Padahal sebenarnya Leo memang masih hidup dan belum mati. Namun, diluar ruangannya ini. Sedang heboh kabar meninggalnya seorang anak sultan putra tunggal dan pewaris tahta keluarga Pyordova. Yaitu Leopard Bay Pyordova.
"A-ada apa ini? Apa aku sudah gila sehingga berhalusinasi yang bukan-bukan?" Shena menepuk-nepuk pipinya sendiri dan ia merasakan sakit. Artinya yang sedang ia alami ini bukan mimpi.

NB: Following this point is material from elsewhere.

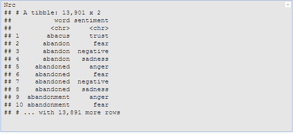 For example, consider the NRC Word-Emotion Association lexicon, available from the tidytext package, which associates words with 10 sentiments: positive, negative, anger, anticipation, disgust, fear, joy, sadness, surprise, and trust.

"Ini bukan halusinasi Sayang. Aku suamimu, Leo. Aku bukan arwah ataupun setan. Orang yang terbaring kaku seperti mayat itu, sungguh hanya boneka yang dibuat persis seperti diriku. Kemarilah dan ikutlah denganku, akan aku jelaskan semuanya padamu." Leo mengulurkan satu tangannya agar Shena mau ikut dengannya.
Walupun Shena masih shock dan juga ragu, entah mengapa hatinya tergerak untuk menerima uluran tangan itu. Leo tersenyum karena istri tercintanya masih mau menuruti keinginannya. Tanpa menunggu waktu lama, Leopun menarik tangan Shena dan membawanya masuk ke sebuah pintu rahasia yang tak diketahui oleh siapapun.
"Shena sudah bersamaku," ujar Leo ketika ia berjalan bergandengan tangan dengan Shena. "Siapkan segalanya sesuai rencana. Kita akan beraksi malam ini, ah ... apa putraku aman?" tanya Leo pada seseorang yang ada diseberang sana melalui sambungan headset Leo. "Oke, temui aku di markas. Aku sedang dalam perjalanan kesana bersama istriku." Leo menutup sambungannya.
Shena masih belum bisa percaya semua ini dan tak mengerti apa yang sedang terjadi, walau tak dapat dipungkiri bahwa ia bahagia dan merasa lega, karena suaminya ternyata masih hidup dan terlihat baik-baik saja.